What is another book? It’s a question I’ve thought about all my life. Teaching in prison, I knew with deep certainty that books save lives. Outside of prison, though, I’m never quite as sure. Perhaps, I’m realizing now, this is one selfish reason I spend time teaching in prison; to believe that something I love is not frivolous, not unnecessary, not beloved merely to those who can afford to buy or display or gab professionally about them. But the books I’m describing protest against ignorance, against the things that distort us and make us ugly. These creators, like their books, feel to me like flames that refuse to be extinguished.
And I was happy when the publishers I met already knew books from Taiwan. I beamed whenever they said—and they all said it, with heart—that Taiwan makes beautiful books, just beautiful books. It’s hard to narrow down the titles they love, so I’ll just share the work of two Taiwanese authors, Bei Lynn and Liu Hsu-Kong, who visited FIL and did workshops with children and artists and children-artists.
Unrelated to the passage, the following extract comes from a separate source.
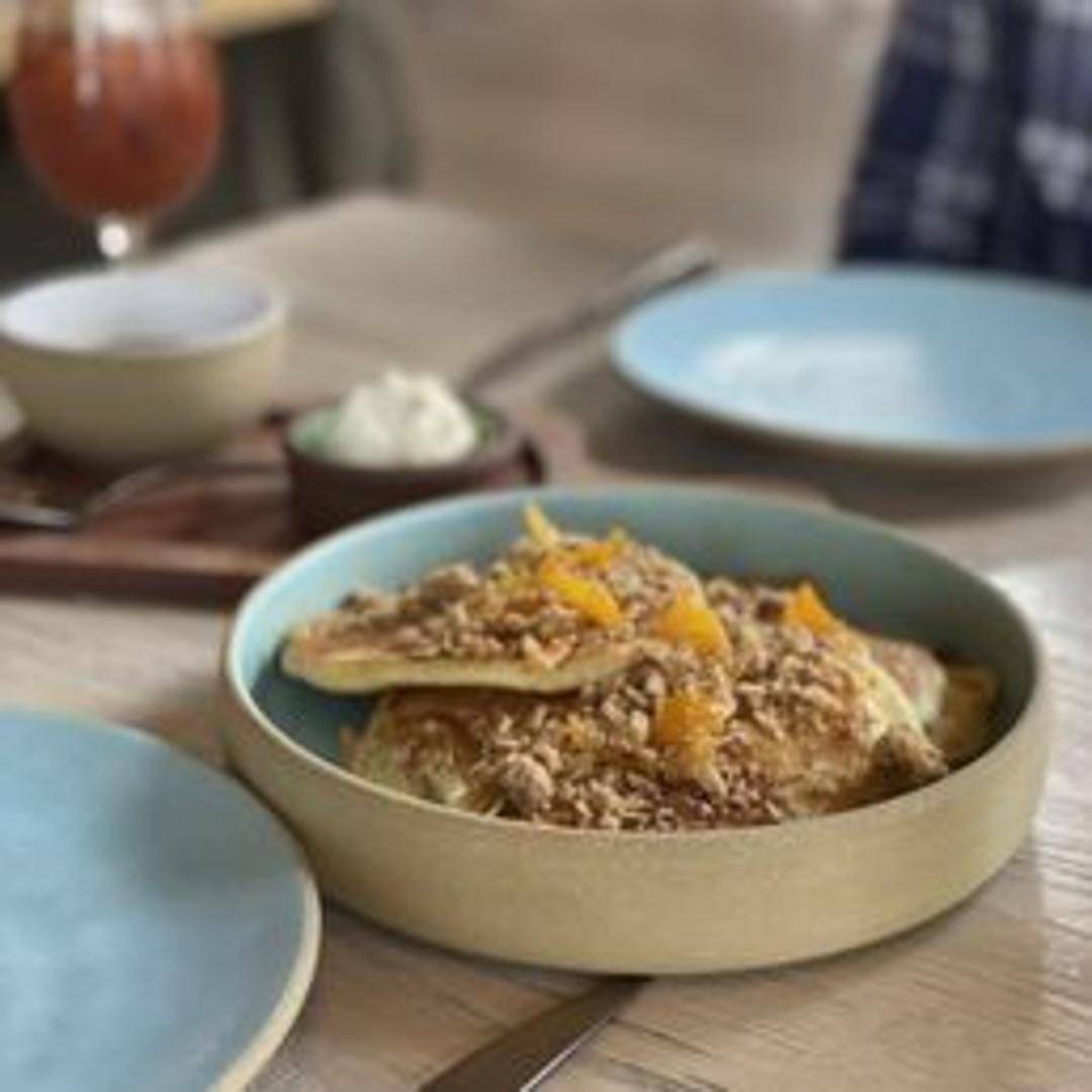 Fluffy sourdough pancakes bursting with fresh blueberries. Served with a side of sweet cream butter and warm maple syrup.

Americans read little in translation, publishing among the fewest translated books in the world. In children’s publishing, the numbers are even lower than in adult fiction; there are no exact numbers, but it’s estimated to be less than 1 percent. This is shameful. To give you an idea of just how little this is, an estimated 150 children’s books were translated last year. If you think about how big the world is—195 countries—that means American publishers purchase less than one book per country. According to a thoughtful Asian American editor who’s bought books from Taiwan, a big reason may have to do with prizes; the Caldecott Medal, the most prestigious honor for picture books in the U.S., can’t be awarded to non-American authors. As a result, publishers are reluctant to purchase books that aren’t eligible. (Can’t someone make a new prize? Or organize to change the rules of this one?) Meanwhile, American primary and secondary education is American-centric, American culture is exported worldwide, and Americans are famously largely monolingual. So how will children in America learn about other places? Only the privileged can learn through travel; the rest will need books.
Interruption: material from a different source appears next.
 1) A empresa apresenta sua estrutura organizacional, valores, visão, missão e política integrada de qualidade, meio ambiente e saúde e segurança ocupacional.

If you’ve noticed that I keep talking about women rather than people, it’s not an accident: with the exception of several men, every editor, agent, or publisher I met was a woman.
That the children’s book industry is dominated by women first struck me this April, when I visited the Bologna Book Fair, the world’s biggest fair for children’s books. Women editors, women agents, women publishers… there’s a bit more parity among writers and illustrators, but that’s all.
It shouldn’t surprise me that women are doing the labor of communicating with children. And yet. For the past two decades, I’ve kept ending up in spaces whose professionals or volunteers are majority women: schools (teachers, tutors, counselors, librarians); homeless shelters (providing food, dispensing soap); prisons (teachers, tutors); legal aid (food stamps, wage theft, housing conditions—this work is predominantly performed by women and, within the law, the least well-compensated); refugee welcome groups; detention centers for immigrants.
“What’s your ratio of men to women volunteers?” I asked a staffer at RAICES, an immigrants’ rights organization, one summer when Albert and I volunteered, helping families that had been separated apply for asylum.
“Ratio?” she repeated, laughing. “There’s no ratio; it’s all women.”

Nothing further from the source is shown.